I've been referring to time overhead. Not sure if OP was more concerned space or time overhead.
The number refers to its address in memory. The size of a pointer is typically the native size of the computer's architecture so there is no additional overhead compared to any other primitive type.
On some architectures there is an additional overhead of pointers to characters because the architecture only supports addressing words (32- or 64-bit values). A pointer to a character is therefore stored as a word address and an offset of the character within that word. De-referencing the pointer involves fetching the word and then shifting and masking it's value to extract the character.
Let me start from the basics. First of all, you will have to know what variable are and how they are used.
Variables are basically memory locations(usually containing some values) and we use some identifier(i.e., variable names) to refer to that memory location and use the value present at that location.
For understanding it better, suppose we want the information from memory cells present at some location relative to the current variable. Can we use the identifier to extract information from nearby cells?
No. Because the identifier(variable name) will only give the value contained in that particular cell.
But, If somehow we can get the memory address at which this variable is present then we can easily move to nearby locations and use their information as well(at runtime).
This is where pointers come into play. They are used to store the location of that variable so that we can use the additional address information whenever required.
Syntax: To store the address of a variable we can simply use & (address-of) operator.
foo = &bar
Here foo stores the address of variable bar.
Now, what if we want to know the value present at that address?
For that, we can simply use the * (dereference) operator.
value = *foo
Now that we have to store the address of a variable, we'll be needing the memory the same way as we need in case of a variable. This means pointers are also stored in the memory the same way as other variables, so just like in case of variables, we can also store the address of a pointer into yet another pointer.
An address in memory. Points to somewhere! :-)

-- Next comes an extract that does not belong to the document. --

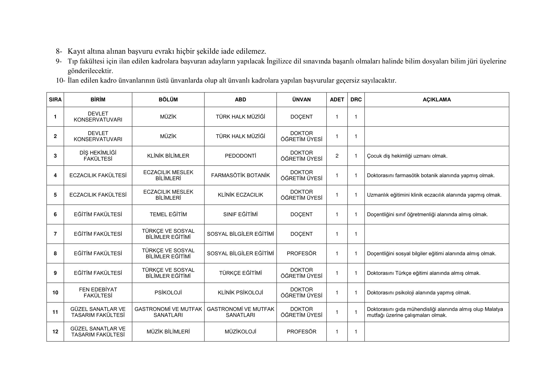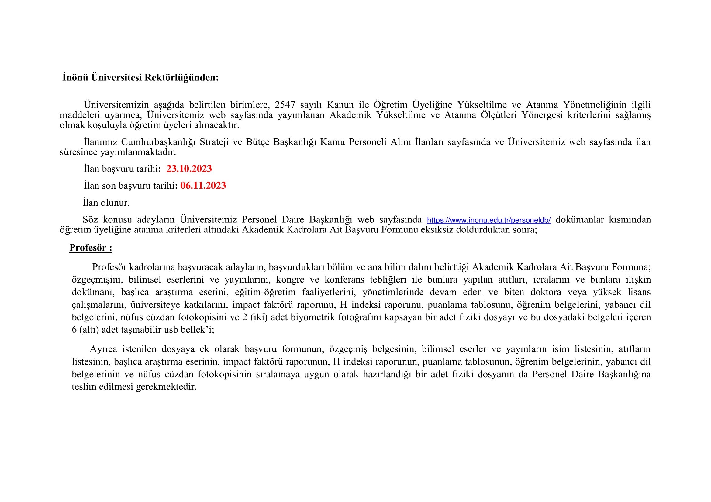 İnönü Üniversitesi 53 öğretim üyesi alacak. Başvurular 23 Ekim - 6 Kasım tarihlerinde gerçekleşecek.

Yes, you're right, both in terms of speed and memory.
Pointers almost always take up more bytes than your standard int and, especially, bool and char data types. On modern machines pointers typically are 8 bytes while char is almost always just 1 byte.
In this example, accessing the the char and bool from Foo requires more machine instructions than accessing from Bar:
struct Foo
{
char * c; // single character
bool * b; // single bool
};
struct Bar
{
char c;
bool b;
};
... And if we decide to make some arrays, then the size of the arrays of Foo would be 8 times larger - and the code is more spread-apart so this means you'll end up having a lot more cache misses.
#include <vector>
int main()
{
int size = 1000000;
std::vector<Foo> foo(size);
std::vector<Bar> bar(size);
return 0;
}
As dmckee pointed out, a single copy of a one-byte bool and a single copy of a pointer are just as fast:
bool num1, num2,* p1, * p2;
num1 = num2; // this takes one clock cycle
p1 = p2; // this takes another
As dmckee said, this is true when you're using a 64-bit architecture.
However, copying of arrays of ints, bools and chars can be much faster, because we can squeeze multiples of them onto each register:
#include <iostream>
int main ()
{
const int n_elements = 100000 * sizeof(int64_t);
bool A[n_elements];
bool B[n_elements];
int64_t * A_fast = (int64_t *) A;
int64_t * B_fast = (int64_t *) B;
const int n_quick_elements = n_elements / sizeof(int64_t);
for (int i = 0; i < 10000; ++i)
for (int j = 0; j < n_quick_elements; ++j)
A_fast[j] = B_fast[j];
return 0;
}
The STL containers and other good libraries do this sort of thing for us, using type_traits (is_trivially_copyable) and std::memcopy. Using pointers under the false guise that they're always just as fast can prevent those libraries from optimising.
Conclusion: It may seem obvious with these examples, but only use pointers/references on basic data types when you need to take/give access to the original object.